## Work to be completed
Skip all pictures, then copy the lines from the start of the data through the line with "ETH /USD 于 2022", keeping both ends.

## Material provided
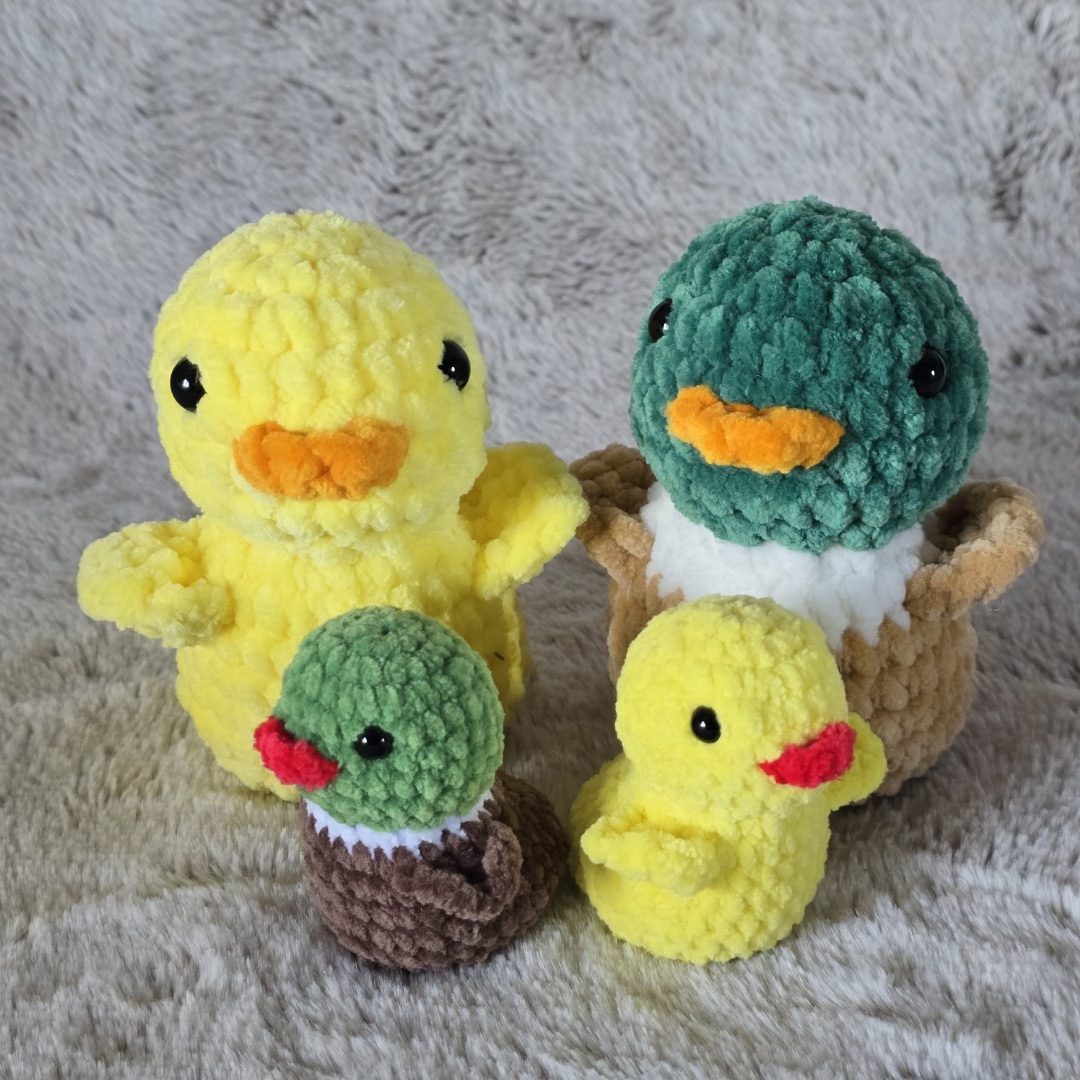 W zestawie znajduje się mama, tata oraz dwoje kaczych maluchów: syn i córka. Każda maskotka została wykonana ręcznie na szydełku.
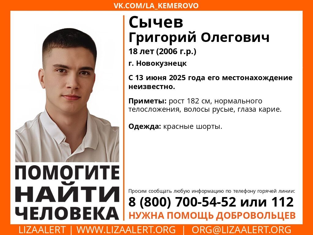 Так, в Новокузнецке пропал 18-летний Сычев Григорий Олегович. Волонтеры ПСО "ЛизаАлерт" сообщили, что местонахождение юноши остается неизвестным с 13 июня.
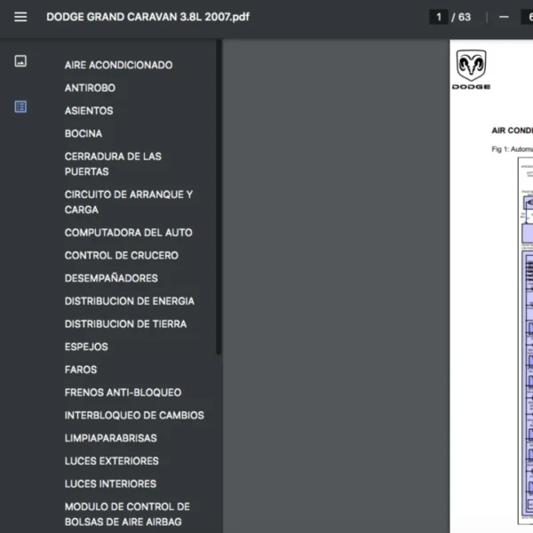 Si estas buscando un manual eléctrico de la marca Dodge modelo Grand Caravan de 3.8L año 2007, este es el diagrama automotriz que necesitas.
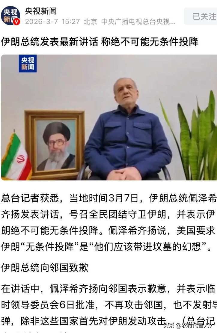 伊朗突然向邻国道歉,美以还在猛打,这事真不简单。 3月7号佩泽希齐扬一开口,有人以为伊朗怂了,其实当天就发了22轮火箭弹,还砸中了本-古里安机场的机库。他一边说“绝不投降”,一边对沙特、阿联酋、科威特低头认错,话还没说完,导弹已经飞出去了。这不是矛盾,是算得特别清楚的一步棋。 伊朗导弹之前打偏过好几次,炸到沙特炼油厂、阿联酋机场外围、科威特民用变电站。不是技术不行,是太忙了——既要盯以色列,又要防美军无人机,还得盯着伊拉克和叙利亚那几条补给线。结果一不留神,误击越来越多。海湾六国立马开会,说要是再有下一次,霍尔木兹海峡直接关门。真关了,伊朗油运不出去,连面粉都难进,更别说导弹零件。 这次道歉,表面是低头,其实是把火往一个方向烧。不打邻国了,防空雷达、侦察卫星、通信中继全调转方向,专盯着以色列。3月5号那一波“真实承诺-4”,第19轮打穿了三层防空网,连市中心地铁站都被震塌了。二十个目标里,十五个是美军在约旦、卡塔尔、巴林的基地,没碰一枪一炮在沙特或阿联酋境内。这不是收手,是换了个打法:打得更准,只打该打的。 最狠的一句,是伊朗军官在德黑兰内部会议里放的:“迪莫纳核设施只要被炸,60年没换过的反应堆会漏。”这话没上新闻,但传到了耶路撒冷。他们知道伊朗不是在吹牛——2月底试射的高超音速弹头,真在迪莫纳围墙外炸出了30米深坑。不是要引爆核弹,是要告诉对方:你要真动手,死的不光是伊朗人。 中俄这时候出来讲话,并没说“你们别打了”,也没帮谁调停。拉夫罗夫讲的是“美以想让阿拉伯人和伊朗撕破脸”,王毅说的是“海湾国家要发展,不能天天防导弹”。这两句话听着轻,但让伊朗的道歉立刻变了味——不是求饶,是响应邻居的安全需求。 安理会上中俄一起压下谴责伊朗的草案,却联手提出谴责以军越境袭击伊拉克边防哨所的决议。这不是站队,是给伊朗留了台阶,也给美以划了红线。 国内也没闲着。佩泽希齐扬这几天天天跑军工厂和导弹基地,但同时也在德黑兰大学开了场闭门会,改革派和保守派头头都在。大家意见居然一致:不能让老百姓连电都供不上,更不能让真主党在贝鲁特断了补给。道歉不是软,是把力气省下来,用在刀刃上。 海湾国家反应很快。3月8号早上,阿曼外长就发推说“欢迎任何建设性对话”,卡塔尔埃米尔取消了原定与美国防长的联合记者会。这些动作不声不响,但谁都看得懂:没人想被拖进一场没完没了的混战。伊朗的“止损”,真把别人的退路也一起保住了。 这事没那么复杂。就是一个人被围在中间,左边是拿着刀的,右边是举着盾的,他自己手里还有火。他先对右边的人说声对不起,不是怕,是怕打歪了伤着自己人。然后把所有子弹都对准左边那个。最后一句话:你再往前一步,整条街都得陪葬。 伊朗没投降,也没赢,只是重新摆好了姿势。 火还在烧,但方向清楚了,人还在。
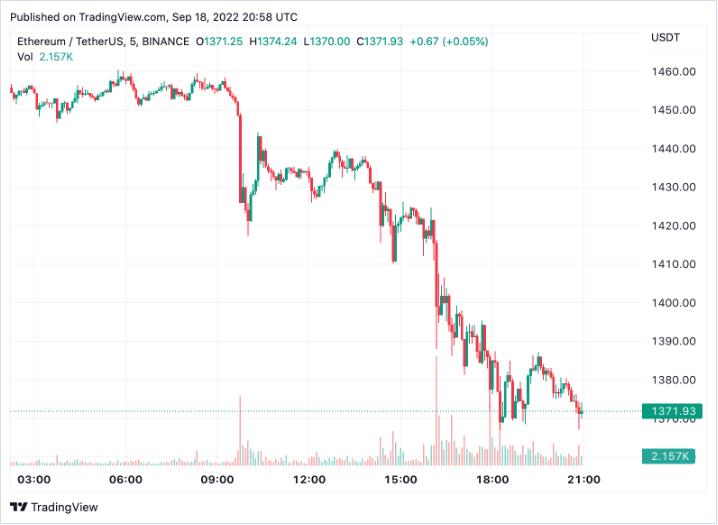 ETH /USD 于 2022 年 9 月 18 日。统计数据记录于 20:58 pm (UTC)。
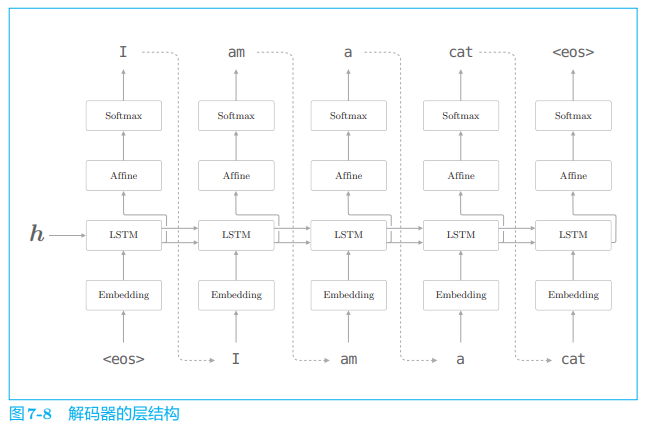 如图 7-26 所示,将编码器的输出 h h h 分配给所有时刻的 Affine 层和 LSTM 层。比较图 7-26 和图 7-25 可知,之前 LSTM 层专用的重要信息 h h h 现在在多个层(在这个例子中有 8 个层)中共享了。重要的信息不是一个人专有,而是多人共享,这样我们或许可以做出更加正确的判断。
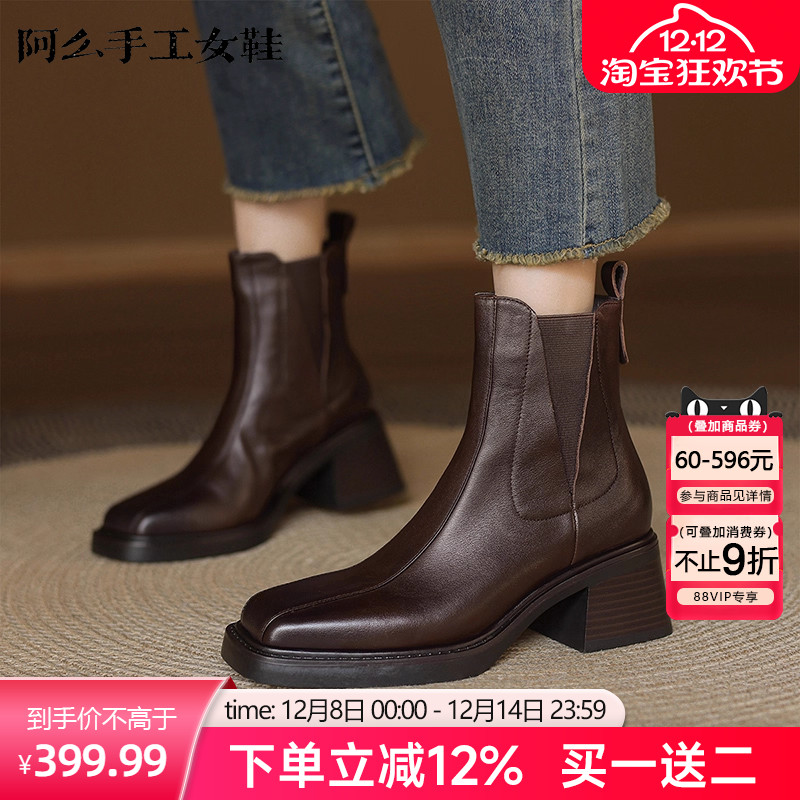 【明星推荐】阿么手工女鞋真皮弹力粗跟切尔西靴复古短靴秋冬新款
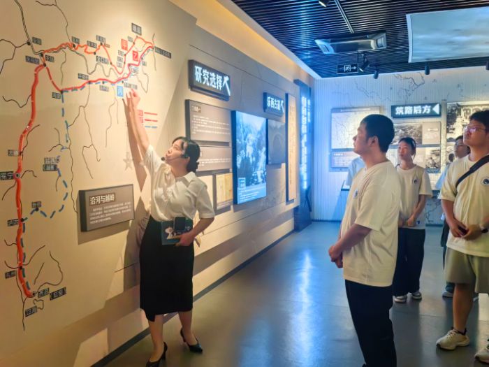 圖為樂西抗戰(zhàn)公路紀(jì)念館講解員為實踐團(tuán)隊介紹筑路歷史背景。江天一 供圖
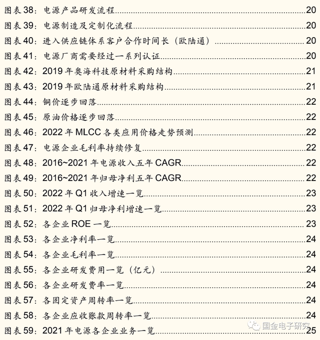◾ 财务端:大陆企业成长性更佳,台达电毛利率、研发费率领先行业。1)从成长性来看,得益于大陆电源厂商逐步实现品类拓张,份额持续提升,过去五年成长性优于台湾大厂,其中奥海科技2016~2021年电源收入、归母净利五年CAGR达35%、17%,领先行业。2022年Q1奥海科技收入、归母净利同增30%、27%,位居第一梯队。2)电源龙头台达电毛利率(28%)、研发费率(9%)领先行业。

## Solved problem
 W zestawie znajduje się mama, tata oraz dwoje kaczych maluchów: syn i córka. Każda maskotka została wykonana ręcznie na szydełku.
 Так, в Новокузнецке пропал 18-летний Сычев Григорий Олегович. Волонтеры ПСО "ЛизаАлерт" сообщили, что местонахождение юноши остается неизвестным с 13 июня.
 Si estas buscando un manual eléctrico de la marca Dodge modelo Grand Caravan de 3.8L año 2007, este es el diagrama automotriz que necesitas.
 伊朗突然向邻国道歉,美以还在猛打,这事真不简单。 3月7号佩泽希齐扬一开口,有人以为伊朗怂了,其实当天就发了22轮火箭弹,还砸中了本-古里安机场的机库。他一边说“绝不投降”,一边对沙特、阿联酋、科威特低头认错,话还没说完,导弹已经飞出去了。这不是矛盾,是算得特别清楚的一步棋。 伊朗导弹之前打偏过好几次,炸到沙特炼油厂、阿联酋机场外围、科威特民用变电站。不是技术不行,是太忙了——既要盯以色列,又要防美军无人机,还得盯着伊拉克和叙利亚那几条补给线。结果一不留神,误击越来越多。海湾六国立马开会,说要是再有下一次,霍尔木兹海峡直接关门。真关了,伊朗油运不出去,连面粉都难进,更别说导弹零件。 这次道歉,表面是低头,其实是把火往一个方向烧。不打邻国了,防空雷达、侦察卫星、通信中继全调转方向,专盯着以色列。3月5号那一波“真实承诺-4”,第19轮打穿了三层防空网,连市中心地铁站都被震塌了。二十个目标里,十五个是美军在约旦、卡塔尔、巴林的基地,没碰一枪一炮在沙特或阿联酋境内。这不是收手,是换了个打法:打得更准,只打该打的。 最狠的一句,是伊朗军官在德黑兰内部会议里放的:“迪莫纳核设施只要被炸,60年没换过的反应堆会漏。”这话没上新闻,但传到了耶路撒冷。他们知道伊朗不是在吹牛——2月底试射的高超音速弹头,真在迪莫纳围墙外炸出了30米深坑。不是要引爆核弹,是要告诉对方:你要真动手,死的不光是伊朗人。 中俄这时候出来讲话,并没说“你们别打了”,也没帮谁调停。拉夫罗夫讲的是“美以想让阿拉伯人和伊朗撕破脸”,王毅说的是“海湾国家要发展,不能天天防导弹”。这两句话听着轻,但让伊朗的道歉立刻变了味——不是求饶,是响应邻居的安全需求。 安理会上中俄一起压下谴责伊朗的草案,却联手提出谴责以军越境袭击伊拉克边防哨所的决议。这不是站队,是给伊朗留了台阶,也给美以划了红线。 国内也没闲着。佩泽希齐扬这几天天天跑军工厂和导弹基地,但同时也在德黑兰大学开了场闭门会,改革派和保守派头头都在。大家意见居然一致:不能让老百姓连电都供不上,更不能让真主党在贝鲁特断了补给。道歉不是软,是把力气省下来,用在刀刃上。 海湾国家反应很快。3月8号早上,阿曼外长就发推说“欢迎任何建设性对话”,卡塔尔埃米尔取消了原定与美国防长的联合记者会。这些动作不声不响,但谁都看得懂:没人想被拖进一场没完没了的混战。伊朗的“止损”,真把别人的退路也一起保住了。 这事没那么复杂。就是一个人被围在中间,左边是拿着刀的,右边是举着盾的,他自己手里还有火。他先对右边的人说声对不起,不是怕,是怕打歪了伤着自己人。然后把所有子弹都对准左边那个。最后一句话:你再往前一步,整条街都得陪葬。 伊朗没投降,也没赢,只是重新摆好了姿势。 火还在烧,但方向清楚了,人还在。
 ETH /USD 于 2022 年 9 月 18 日。统计数据记录于 20:58 pm (UTC)。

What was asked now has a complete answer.